TEMAT: Ogródek lucysi

Ogródek lucysi 03 Lis 2016 20:29 #509078

  • lucysia
  • lucysia's Avatar
  • Offline
  • Moderator
  • Wiedżma Zielarka to ja :)
  • Posty: 5028
  • Otrzymane dziękuję: 13134
Początki w tunelu


Teraz to jest busz

I owoce,mniam

docs.google.com/presentation/d/1WWF42aQM...bkM/edit?usp=sharing
………………………………………………………………………………………
kosmetykinaturalnelucysi.blogspot.com
…………………………………………………………………………………………
forumogrodniczeoaza.pl/index.php/forum/3...26398-ogrodek-lucysi
…………………………………………………………………………………………
Za tę wiadomość podziękował(a): zeberka363


Zielone okna z estimeble.pl

Ogródek lucysi 03 Lis 2016 20:49 #509080

  • Hiacynta
  • Hiacynta's Avatar
  • Offline
  • Administrator
  • gg 9117859
  • Posty: 14123
  • Otrzymane dziękuję: 10442
Wspaniałe miejsce :bravo: W takich warunkach na pewno dojrzewają najsmaczniejsze odmiany :) Ziemia wyłożona włókniną pewnie gwarantuje spokój w sezonie pielenia :happy:

Lucynko, czy macie tylko jedną odmianę winogron, czy może przetestowaliście ich kilka?
Ostatnio zmieniany: 03 Lis 2016 20:50 przez Hiacynta.

Ogródek lucysi 03 Lis 2016 20:54 #509081

  • Łatka
  • Łatka's Avatar
  • Offline
  • Moderator
  • Posty: 19272
  • Otrzymane dziękuję: 79693
Lucysiu, jestem pod prawdziwym wrażeniem:
1. Twoich piecholków (u mnie psy zawsze przede wszystkim ;) ); takiego prawie-cockera mieli moi wiejscy sąsiedzi, tylko ciemniejszego.
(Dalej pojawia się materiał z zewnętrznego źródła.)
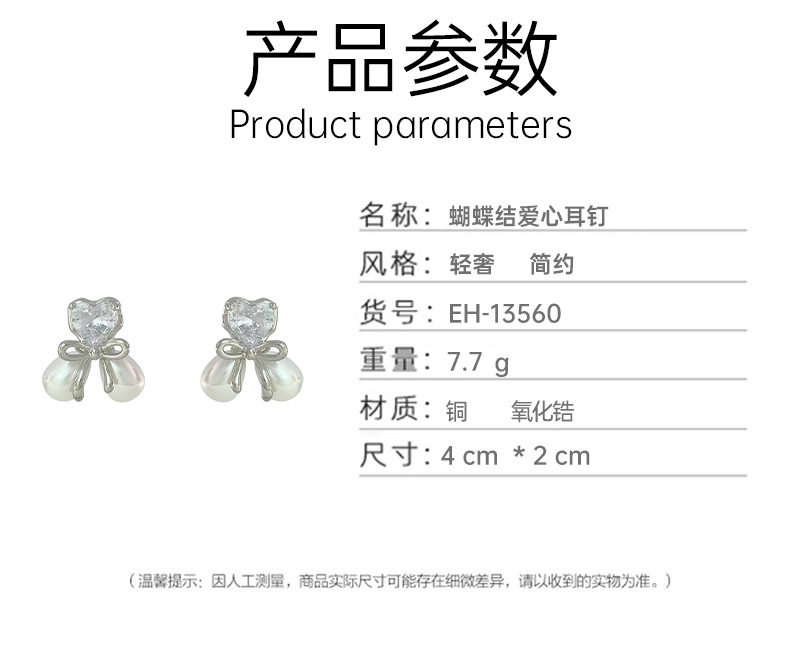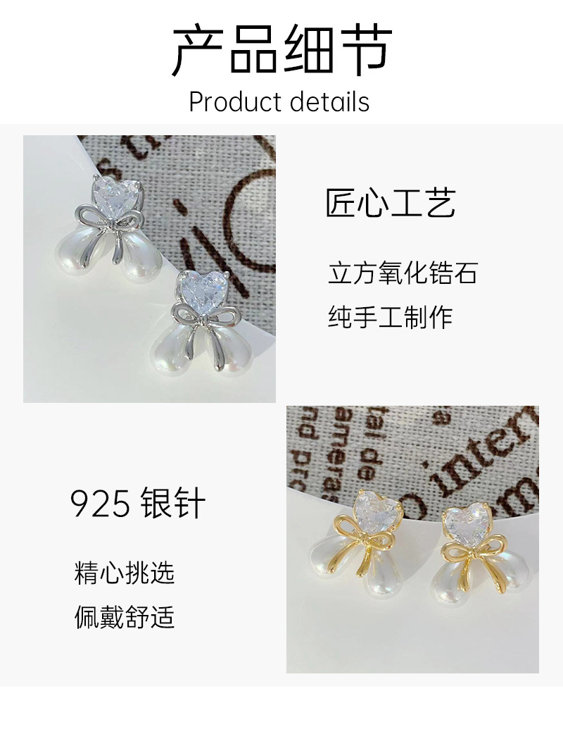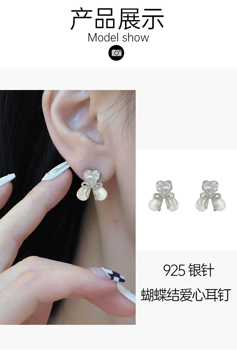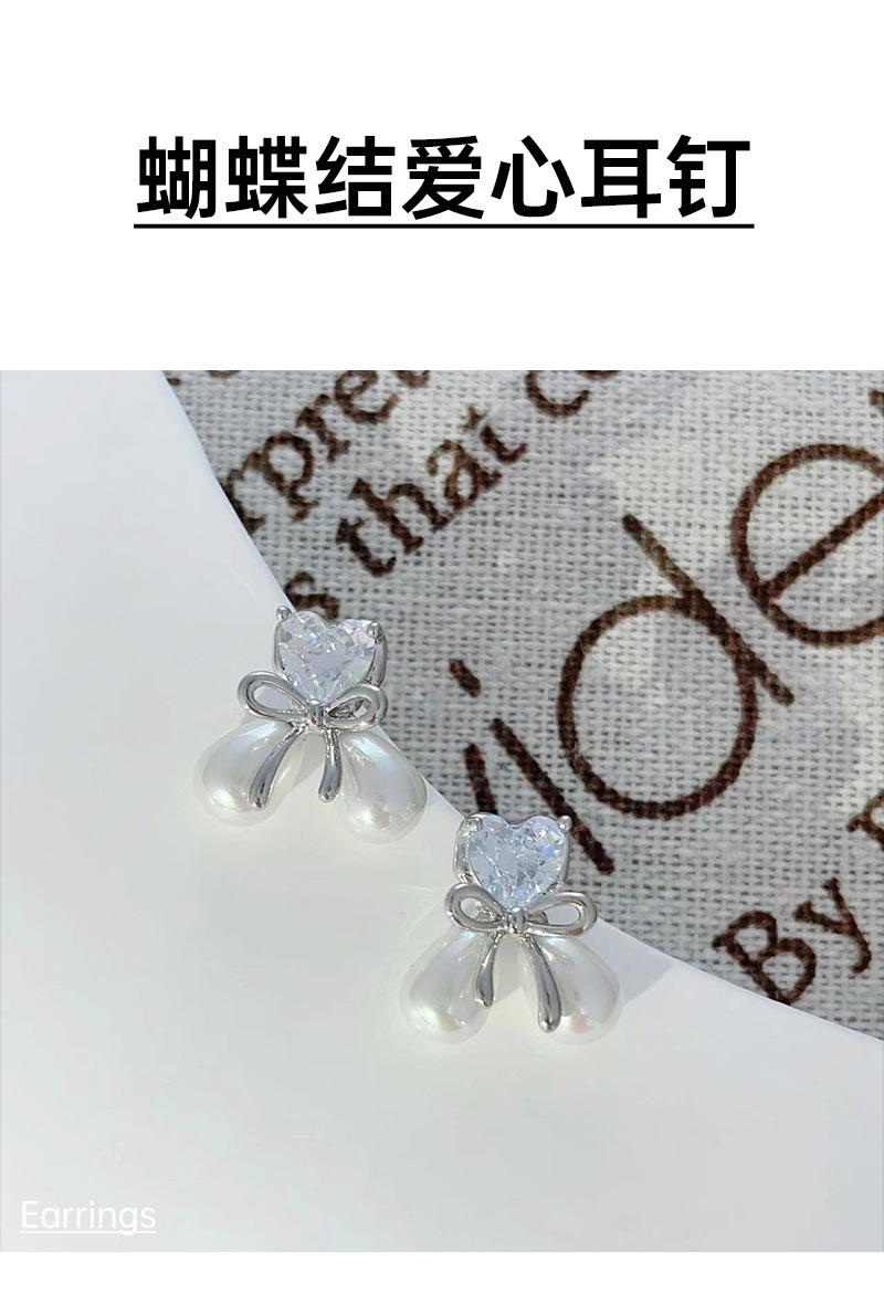爱心蝴蝶结微镶锆石珍珠耳钉女小众精致轻奢设计感简约小巧耳饰 English | 投诉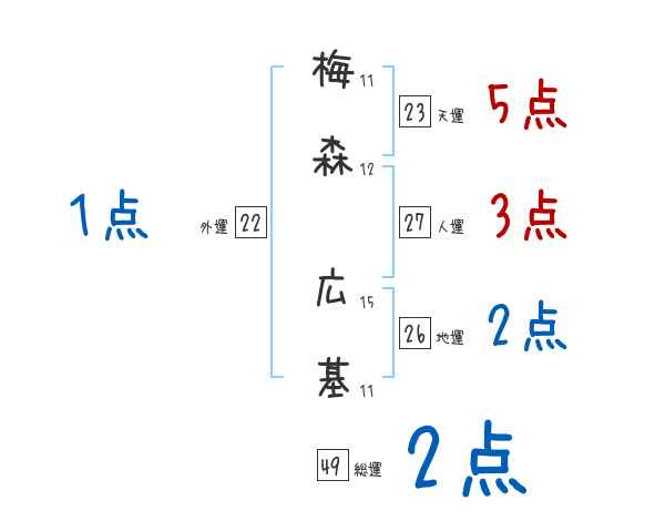 梅森広基さんの画数の鑑定結果
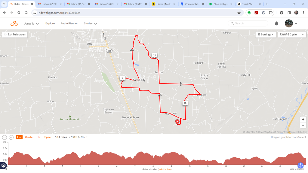 Here’s today’s bike ride metrics. Temperature at beginning of ride: 53 degrees. Sunny and warm; very little wind.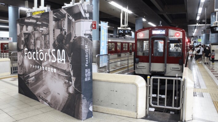 画像の説明)2024年に実施された「第3回こうばのでんしゃ FactorISM in 近鉄電車」より、大阪上本町駅9番ホームに置かれたオープンファクトリーイベント「FactorISM(ファクトリズム)」のパネル

Niestety, nie pilnowali go dostatecznie, a w nim grała myśliwska i niezależna krew spanieli, no i któregoś dnia zeszłego roku znaleźli go pod lasem - zastrzelonego. :angry: :placze:
2. Twoich areałów, sady mając w pierwszej linii na względzie. Można niedyskretnie spytać: co w nich? Jabłka czy i coś bardziej zróżnicowanego? Tak czy siak - huk pracy, podziwiam i kłaniam się głęboko, jako ze owoce moim ulubionym pokarmem. :P
3. Twoich winogron :supr3: :supr3: :supr3: Co prawda bardziej się znam na nich jako surowcu do produkcji szlachetnych napojów, niż na odmianach deserowych - ale że tak piękne grona pod naszym szarym niebem??? W tym tunelu - to dla wyższej temperatury? Włosi też uprawiają deserowe w tunelach, to się nazywa "coperto", ale głównie po to, by otrzymać idealne, "unijno-normatywne" plony. A Ty?
Tak szczerze, to jestem wybredna winogronowo, te działkowe, puszczane na żywioł najczęściej cierpkawe jagódki o skórce do wyplucia i mające więcej pestek niż reszty denerwują mnie. Tym bardziej, ze od sąsiadów włażą mi takie liany całe lato i dusza wszystko po drodze. Wrrrr.....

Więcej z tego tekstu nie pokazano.